![]() | ![]() |
Haakon, Haakon, believe me, I am serious, I have real reason to believe, and I cannot tell you why, but I assure you I have real reason to change my mind about Russia. They are not what you believe them to be. You must not continue your trust, your blind faith, in the policies of the U.S.S.R.
—J. Robert Oppenheimer
“Julius Robert Oppenheimer, what a pleasure, at last!”
Oppie looked around before taking the outstretched hand. He knew Russians liked to use all three of a person’s names; the man he was greeting had already introduced himself as Stepan Zakharovich Apresyan.
They were in an open area of grass bordered by trees, and although the park was crowded this August day no one else was nearby. “Actually,” Oppie said, as he released his grip, “the J doesn’t stand for anything.”
“Ah,” said Apresyan, in the knowing tone of one used to keeping secrets. “No. Of course it doesn’t.”
Oppie was sure that Apresyan—the Russian-born son of an Armenian priest, youthful and eager at thirty-two—doubtless had reviewed a full dossier on him, just as Oppie had gotten Groves to provide him with the file on physicist Igor Kurchatov, Oppie’s equivalent in the Russian atomic-bomb program.
“We’ve had our eye on you for a long time,” Apresyan said, looking him up and down as if he were a mythical beast at last sighted in the wild. “You appear, if I may, thin. Are you well?”
Oppie shrugged—and he could feel how bony his shoulders were as he did so, feel how much of a scarecrow figure he was. The weight he’d lost in war-time was not coming back.
“I’m fine,” he said, pleased that no cough followed the words. His throat was always raw, but being here, in the company of this man, the vice consul from the Soviet Consulate General in San Francisco, had made it as dry as the sands back on La Jornada del Muerto.
The two of them were walking west in Golden Gate Park on a sunny afternoon, heading toward Ocean Beach and the Pacific. They quite likely were being shadowed by both the F.B.I. and the N.K.G.B., or whatever they were calling it now, but the park was three miles long, and the air was filled with the sounds of boisterous kids and exasperated parents calling out to them. Like the best of children, Oppie thought, he and Apresyan might be seen but they wouldn’t be heard.
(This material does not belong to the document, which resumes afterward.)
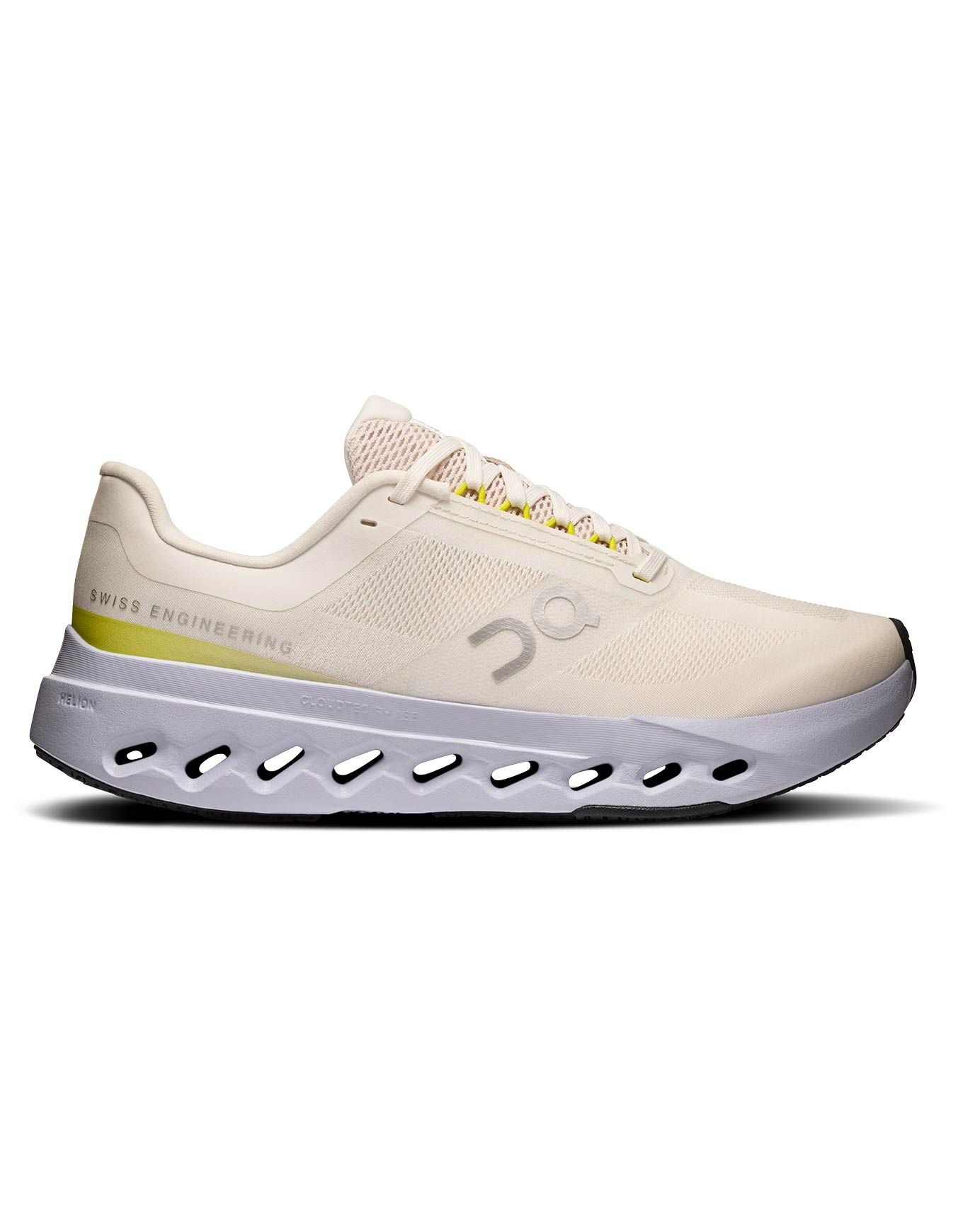 La Cloudsurfer Next Ivory/Nimbus de On Running est une chaussure de running femme alliant amorti CloudTec Phase®, mousse Helion et mesh respirant en polyester recyclé pour des foulées fluides et dynamiques sur route.

Continuing along, they came to the California Academy of Sciences, which had been located in the park since 1916 and now consisted of three buildings: the North American Hall of Birds and Mammals, the Steinhart Aquarium, and the Simson African Hall. Nature in all her splendor surrounded here by even more nature.
The Academy dealt solely with what they called natural sciences: the old-fashioned gentlemanly pursuits of stargazing and weather-forecasting, of studying plants and animals, of collecting rocks and fossils. Physics didn’t fall under its mandate; his field was, Oppie mused, therefore an unnatural science. Perverse. Not in accordance with accepted standards of right and wrong.
And this—this—was an unnatural meeting, or certainly would be thought such by many he had to deal with. The J-for-nothing Robert Oppenheimer who had spurned Haakon Chevalier’s overture on behalf of George Eltenton, who had severed his ties with Communist-front organizations, who had counseled his former students to do the same, walking—fucking strolling—along with a Soviet official whose job title everyone knew was simply a congenial public shield for espionage work.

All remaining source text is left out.